Decided and Entered: March 20, 2025
Before: Manzanet-Daniels, J.P., Kern, Kapnick, González, Scarpulla, JJ.

Ind No. 571/19 SCI No. 785/20|Appeal No. 3951-3951A|Case No. 2021-01959|

[*1]The People of the State of New York, Respondent,

v

Amir Harris, Defendant-Appellant.




Twyla Carter, The Legal Aid Society, New York (David Billingsley of counsel), for appellant.

Alvin L. Bragg, Jr., District Attorney, New York (Nathan Morgante of counsel), for respondent.



Judgment, Supreme Court, New York County (Ellen N. Biben, J. at plea; Cassandra M. Mullen, J. at sentencing), rendered August 13, 2020, convicting defendant, upon his plea of guilty, of attempted assault in the first degree and sentencing him to a term of 3½ years under indictment No. 571/19; and judgment, same court (Mullen, J. at plea and sentencing), rendered August 14, 2020, as amended October 8, 2020, and November 2, 2020, convicting him, upon his pleas of guilty, of attempted murder in the second degree and criminal possession of a weapon in the second degree, and sentencing him to concurrent terms of 5 years under SCI 785/20, to run consecutively with the sentence imposed under indictment No. 571/19, unanimously modified, on the law, to the extent of vacating the sentences and remanding for further proceedings consistent with this decision, and otherwise affirmed.
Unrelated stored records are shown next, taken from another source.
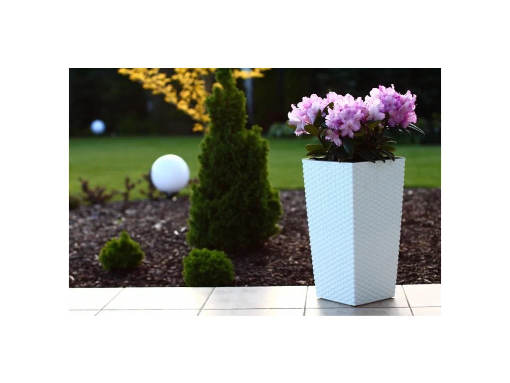 Květináč se strukturovaným designem, který působí velmi luxusně. Moderní vysoký plastový květináč FINEZIA - ratan s matným povrchem bílé barvy. Součástí tohoto květináče je vyjímatelná plastová vložka v černé barvě. Květináč je vhodný jak do interiéru, tak do exteriéru. Do černé plastové vložky je možné udělat otvor a přebytečná voda bude zachycena v plastovém obale.
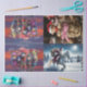 Bottom Left Section: This section depicts a winter scene with a person dressed in red riding a white horse through a snowy landscape. The person appears to be carrying a sack, suggesting a holiday or Christmas theme.
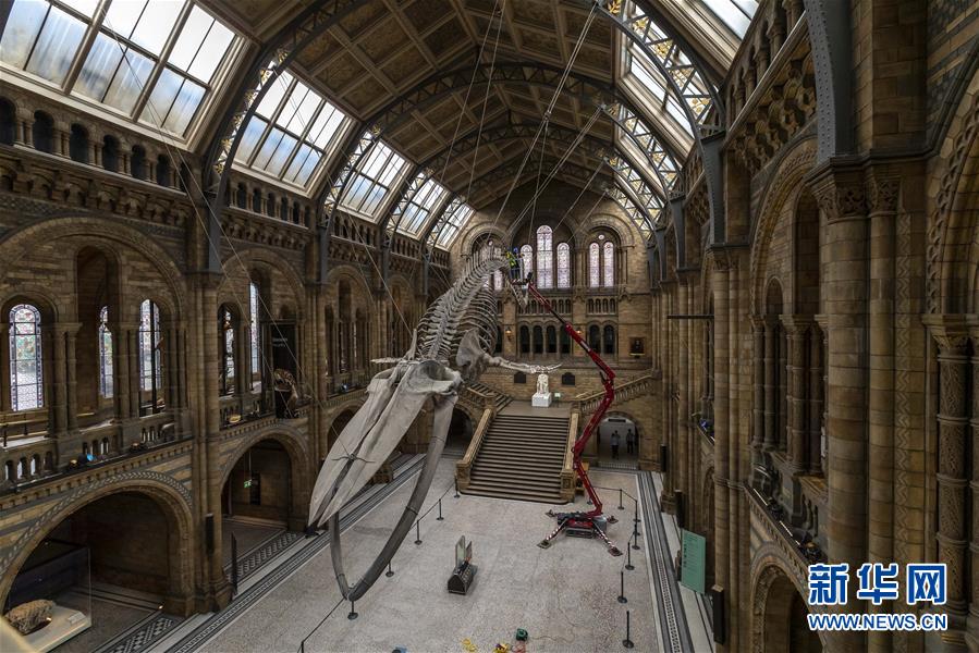 7月27日,工作人員在英國(guó)倫敦的自然歷史博物館大廳內(nèi)清潔一具藍(lán)鯨骨架。受新冠疫情影響關(guān)閉數(shù)月的英國(guó)自然歷史博物館將于8月5日重新對(duì)外開放,目前館方正在為重新開放做最后準(zhǔn)備。參觀者需要提前預(yù)約參觀時(shí)段、全程佩戴口罩且保持安全距離。新華社記者韓巖攝
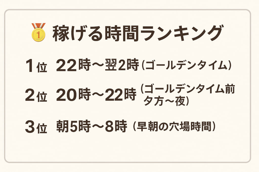 1.稼げる時間帯ランキングと効率的な働き方
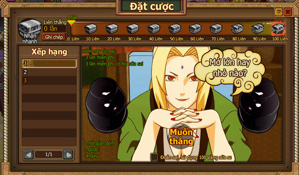 2. Thi đấu bắt đầu khi người chơi điểm số mình lớn hơn hay nhở hơn điểm của Tsunade, nhấn vào nút Lớn hoặc Nhỏ.

As the People concede, defendant is entitled to be resentenced pursuant to People v Rudolph (21 NY3d 497 [2013]) and People v Middlebrooks (25 NY3d 516 [2015]). Although defendant's convictions of the armed felony offenses of attempted assault in the first degree and criminal possession of a weapon in the second degree were not presumptively eligible for youthful offender treatment (see CPL 720.10[2][a][ii]; see also CPL 1.20[41]), he was nonetheless entitled to a "determination as to the applicability of the mitigating factors set forth in CPL 720.10(3)" (People v Melendez, 132 AD3d 471, 471 [1st Dept 2015]; see Middlebrooks, 25 NY3d at 525). As to defendant's conviction of attempted murder in the second degree, he "was eligible for youthful offender treatment without any presumption of ineligibility" (People v Marcus T., 233 AD3d 622, 623 [1st Dept 2024]; see CPL 720.10[2]), and thus was entitled to an express youthful offender determination as to that charge (see People v Enrique F., 214 AD3d 541, 542 [1st Dept 2023]). Therefore, we remand both the cases to the trial court to make the necessary youthful offender and eligibility determinations.

Defendant's request for a waiver of the surcharges and fees should be addressed to the resentencing court (see id.).

THIS CONSTITUTES THE DECISION AND ORDER OF THE SUPREME COURT, APPELLATE DIVISION, FIRST DEPARTMENT.